しかし、それより返事を貰えたという事実こそが竜崎を喜ばせた。
単純なのである、隠さずとも。

「月君が構ってくれなくて、暇だったんです」
「僕はお前の暇潰しの道具じゃない」
「でも、旦那ですよ。私」
「それとこれとでは話が違うだろ。暇なら子供たちの相手をしてやれ」

リビングにプラスチック製の線路を走らせ、楽しんでいるのかわからない無表情で遊ぶニア。
隣では、網目を潜るようにその中心に陣取ったメロがゲームをしながらチョコを食べている。
月の言いたいことに、竜崎はあからさまに眉を寄せた。

「月君と遊びたいです」
「お前が子供になってどうする。

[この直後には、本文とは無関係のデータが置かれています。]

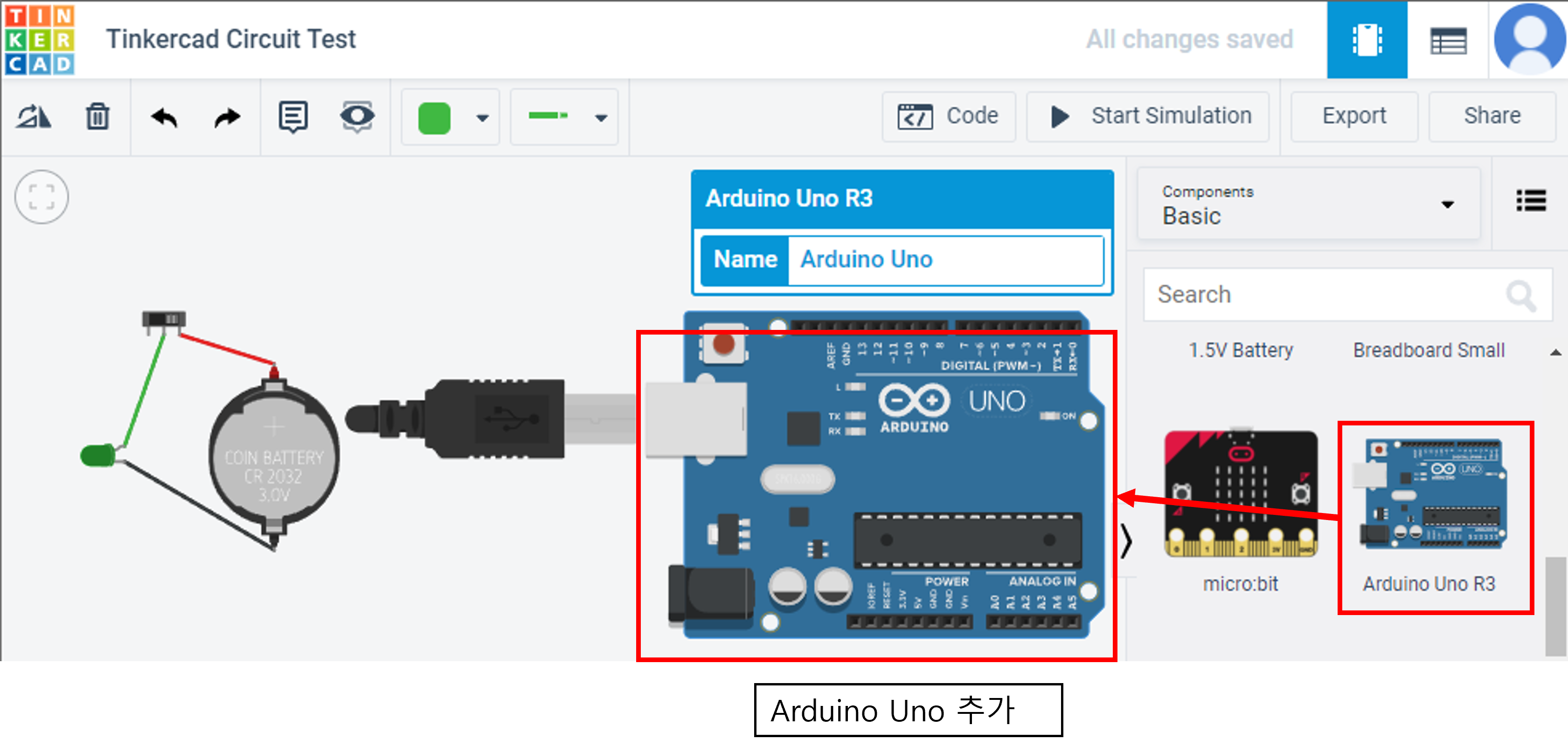 이번 포스트에서는 아두이노를 이용해서 1개의 LED를 켜고 끄는 예제를 틴커캐드(Tinkercad) 서킷으로 시뮬레이션 해보려고 합니다. 1. 회로 디자인 – Circuit Design우선 서킷에서 ‘새 회로 작성’을 눌러 새로운 회로판을 생성해주고 이름을 구분하기 좋게 변경합니다. 편의상 ‘1 LED Blinking example’ 로 지정했습니다. 아두이노 프로젝트이기 때문에 아두이노를 하나 끌어다 놓습니다. 편의상 아두이노 UNO 보드를 사용합니다. 그리고는 브레드보드(Breadboard small) 1개 LED 1개를 끌어다 놓습니다. LED는 잘보이도록 녹색(Green)으로 하겠습니다. 나중에 따로 이야기할 시간이 될지 모르겠어서 미리 기재해봅니다만 아두이노에 ‘Digital(PWM..
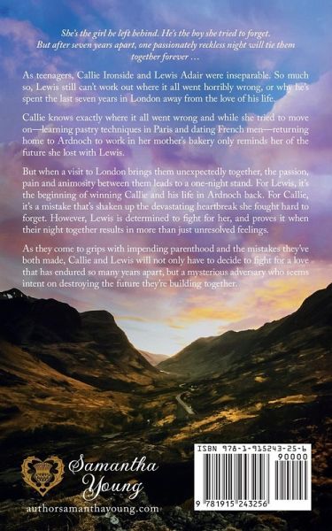 She's the girl he left behind. He's the boy she tried to forget. But after seven years apart, one passionately reckless night will tie them together forever ... As teenagers, Callie Ironside and Lewis Adair were inseparable. So much so, Lewis still can't work out where it all went horribly wrong, or why he's spent the last seven years in London away from the love of his life. Callie knows exactly where it all went wrong and while she tried to move on-learning pastry techniques in Paris and dating French men-returning home to Ardnoch to work in her mother's bakery only reminds her of the future she lost with Lewis. But when a visit to London brings them unexpectedly together, the passion, pain and animosity between them leads to a one-night stand. For Lewis, it's the beginning of winning Callie and his life in Ardnoch back. For Callie, it's a mistake that's shaken up the devastating heartbreak she fought hard to forget. However, Lewis is determined to fight for her, and proves it when their night together results in more than just unresolved feelings. As they come to grips with impending parenthood and the mistakes they've both made, Callie and Lewis will not only have to decide to fight for a love that has endured so many years apart, but a mysterious adversary who seems intent on destroying the future they're building together.

子供たちの相手ぐらいできるだろ?」
「素直じゃなくて可愛くありませんし、第一月君に似てません」

元も子もないような台詞を言う竜崎に、月は読んでいた本を閉じた。
遊んでくれるのかと、正しく子供のように楽しげにする竜崎を尻目に月は席を立つ。

「じゃあ、僕が遊ぶからそっち宜しく」
「…は?」

固まる竜崎を放置し、二人の子供は喜んだ。

「月も一緒!?」
「賢明な判断です。流石、月さん」

満面の笑顔のメロと、無表情ながらも嬉しそうなニアに手をひかれ月は子供たちの輪に入る。
残された竜崎は、机に置かれたままの献立表を見て凍りついた。
料理なんて、と言いたいが口を開けない雰囲気を漂わせる三人に竜崎は影で涙し、バレないようにワタリへと連絡を入れる。
しかし、三人にその行為がお見通しだったのは言うまでもない。